In order to retain the financial flexibility to keep the club's rotation strong and also address the needs at first base, outfield and the back end of the bullpen, Wren is expected to explore the possibility of trading Lowe, who is owed $45 million over the final three years of his contract.
"It's an obvious position of strength and when you're looking to improve your club, you're looking at where you can improve it at the expense of some other area," Wren said. "We'll see when we come out of our planning meetings what we feel is most appropriate."
Cox, who will join Wren and the club's other top scouts and administrators in Orlando next week for the planning meetings, certainly doesn't buy into the possibility that the team could opt to trade Vazquez, who went 15-10 with a 2.87 ERA and notched 238 strikeouts in his first season with the Braves this year.
"I haven't ever thought about trading him," Cox said. "I know we've got him for one more year. You'd have to get an awful lot."

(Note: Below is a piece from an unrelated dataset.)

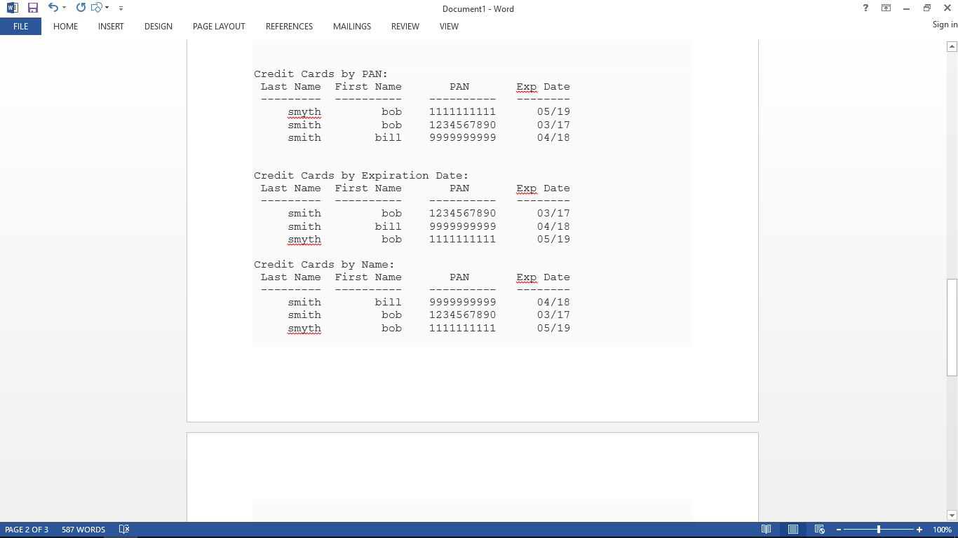 CreditCard. This class will model the key date elements of a credit card as shown. Note that in addition to the getter methods, there is a toString() method. This method will print our the last name, first name, PAN, and expiration date in a nice, format. Use the String.format() method to print this data in fixed fields.

As I see it, the Braves have four obvious choices for the 2010 rotation.
SP1) Javier Vazquez
SP2) Tim Hudson
SP3) Tommy Hanson
SP4) Jair Jurrjens
The fifth spot is where the Braves have some room to maneuver. Derek Lowe, Kenshin Kawakami, and Kris Medlen could all be viable options. Depending on what happens with the bullpen in the offseason, it might be worth giving Medlen a serious look as the fifth starter during spring training. Alternatively, he might be paired with Hanson as a long reliever to help manage the latter's workload.
I suppose the point I'm trying to get across is that there are a lot of places Frank Wren could go from here. It's encouraging that he's looking at trading his most expensive, least effective pitcher (though I assume the Braves would end up eating a significant portion of his salary in any trade).